With minimal command line usage, the pipeline can then map the sequencing data to the reference genome to reconstruct the genomes from the two samples, performing quality filtering and quality control on the way. It also prepares the data for downstream analyzes, which include multiple reports and comparable estimations of the genomic erosion indices per sample.
“Depending on the storage and computational power available to the user, as well as the size of the genome of the target species, GenErode can be run on dozens of samples at the time.
Importantly, GenErode does a great job at keeping reports and logs of settings used in past runs, which should help with reproducibility”, he says.
There are multiple pipelines available that can be used to process genomic data from modern samples, as well as pipelines for ancient DNA data.
“To our knowledge, this is the only pipeline aimed at specifically processing and analyzing genomic data from endangered species. The uniqueness of GenErode comes from the fact that you can process both kinds of data, historical and modern in the same pipeline. Since the aim is to make the downstream analyses, comparable between samples from different periods, our pipeline processes the data accordingly”, says David Díez-del-Molino.
Today, there are multiple large-scale projects, such as the Darwin Tree of Life (DTOL), the Vertebrate Genomes Project (VGP), and the European Reference Genome Atlas (ERGA) that are set to generate reference genomes for all eukaryotes.
“This has the potential to transform the genomics research for endangered species. Therefore, we predict that the number of genomic projects on endangered species will make use of these resources and will multiply in the coming years as well. I think bioinformatics pipelines such as GenErode can be at the center of such a movement, helping researchers and practitioners alike to process and analyze their genomic data”, David says.
“There is definitively a scope for GenErode 2, but we will see. For now, we will be focused on solving any issues or bugs the users might find and improve this pipeline as much as we can to make it as useful as it can be”, he concludes.
What was the hardest part of developing this pipeline?
“The paper is only the face of the pipeline for the research community, but there is a LOT of work behind that is not so obvious. For example, when we started developing this pipeline we had some ideas of what we wanted, but such ideas changed over time, so we have to adapt the
pipeline. We did a lot of testing with different kinds of ancient/historical data that led to big changes to the pipeline a few times. Also, at some point during the development we decided to make the pipeline public, so other people would also benefit from it, which also led to many integral changes to how the pipeline works. One of the hardest things was to decide when to stop developing and start working on a deliverable package instead of keep adding new features. In the end, I think everyone involved was happy to wrap the project up with a publication, so we (sort of) could move on”, says David Díez-del-Molino.

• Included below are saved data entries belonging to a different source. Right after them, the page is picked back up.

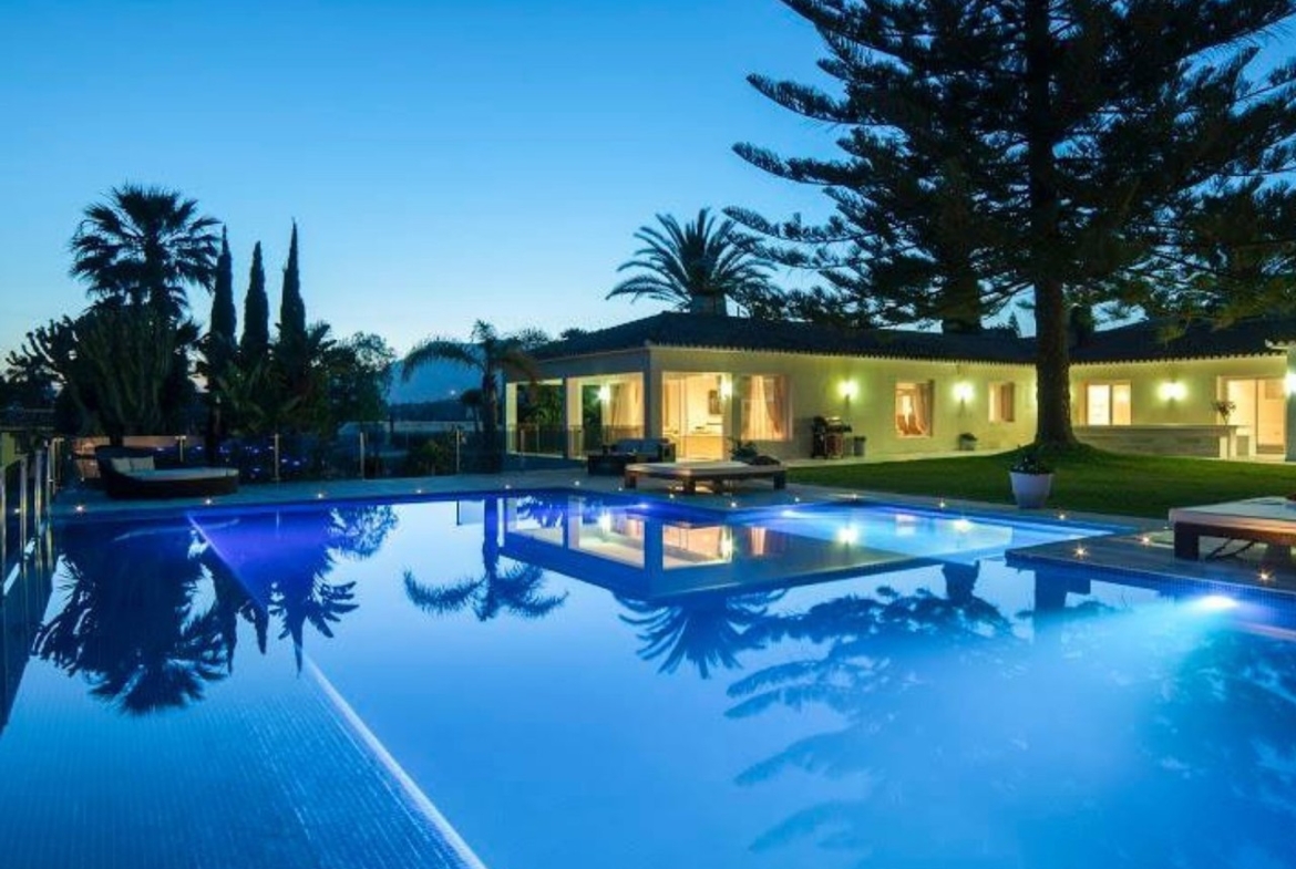 Located in Elviria, this southwest facing contemporary villa is set on a large plot with landscaped tropical garden with a large pool with chill-out areas and a Jacuzzi. The garden area enjoys amazing views of the Mediterranean and the African coastline, preserving a high degree of privacy. The main house comprises 4 large bedrooms en-suite, a spacious and bright living room with adjoining dining area and access to the terrace and a modern, fully fitted and equipped kitchen. The villa has 3 further self-contained apartments each with 2 bedrooms en-suite, the 1st apartment is situated in the back of the villa, the 2nd one in the semi-basement and a 3rd apartment is in a semi basement below the pool area. Further features include air conditioning h/c, double glazing, storage room, alarm system. This is an ideal family residence or a good holiday home with a great rental potential.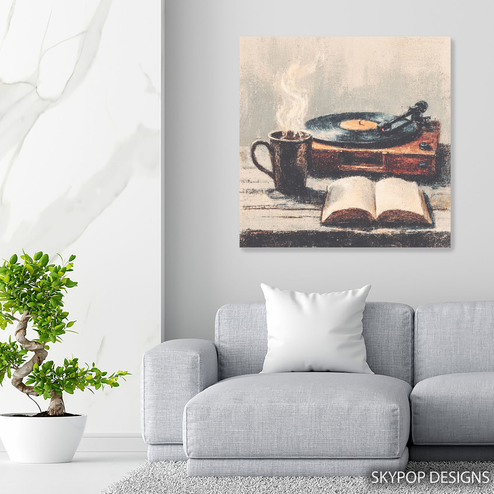 Transform your space with this captivating canvas wall art that combines the warmth of a cozy morning with the nostalgic charm of vintage music. This poster or canvas wall art is perfect for creating a relaxing atmosphere in your living room, bedroom, or library. The rich brown tones, accented by black and white, evoke a sense of comfort and timeless style, making it ideal for bohemian and rustic decor. This still life artwork showcases a steaming mug of coffee, an open book, and a classic record player, inspiring moments of tranquility and reflection. The vibrant yet subtle colors enhance the mood, creating an inviting space for unwinding and enjoying life’s simple pleasures. High-quality printing ensures every textured detail, from the steam rising from the mug to the grooves on the record, is beautifully rendered, making this canvas wall art a focal point. This versatile piece of music art works wonderfully as a statement in a farmhouse-style kitchen or a cozy reading nook. It’s a perfect gift for book lovers and music enthusiasts, ideal for housewarming celebrations or birthdays. Elevate your home decor with this everyday scene captured in a striking contemporary style. This poster or canvas wall art promises to bring a sense of peace and personal comfort to any room. Add a touch of vintage appeal and a cozy ambiance to your walls today with Cozy Morning Vibes Art.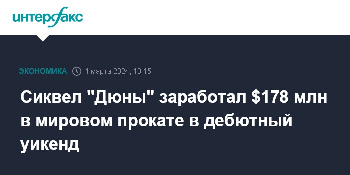 Сиквел "Дюны" заработал $178 млн в мировом прокате в дебютный уикенд

Do you have some funny or inspiring anecdotes from working with the team behind your paper?
“In the Centre for Palaeogenetics we usually bring a cake for everyone when a paper is published. We call it ‘paper cake’. For GenErode we already had it twice, once when the pipeline was made public in GitHub and another one when the manuscript was published as preprint in bioRxiv. We are currently planning a third paper cake for GenErode now that it has been published in BMC Bioinformatics. I think that shows how important this pipeline is for us”, says David Díez-del-Molino.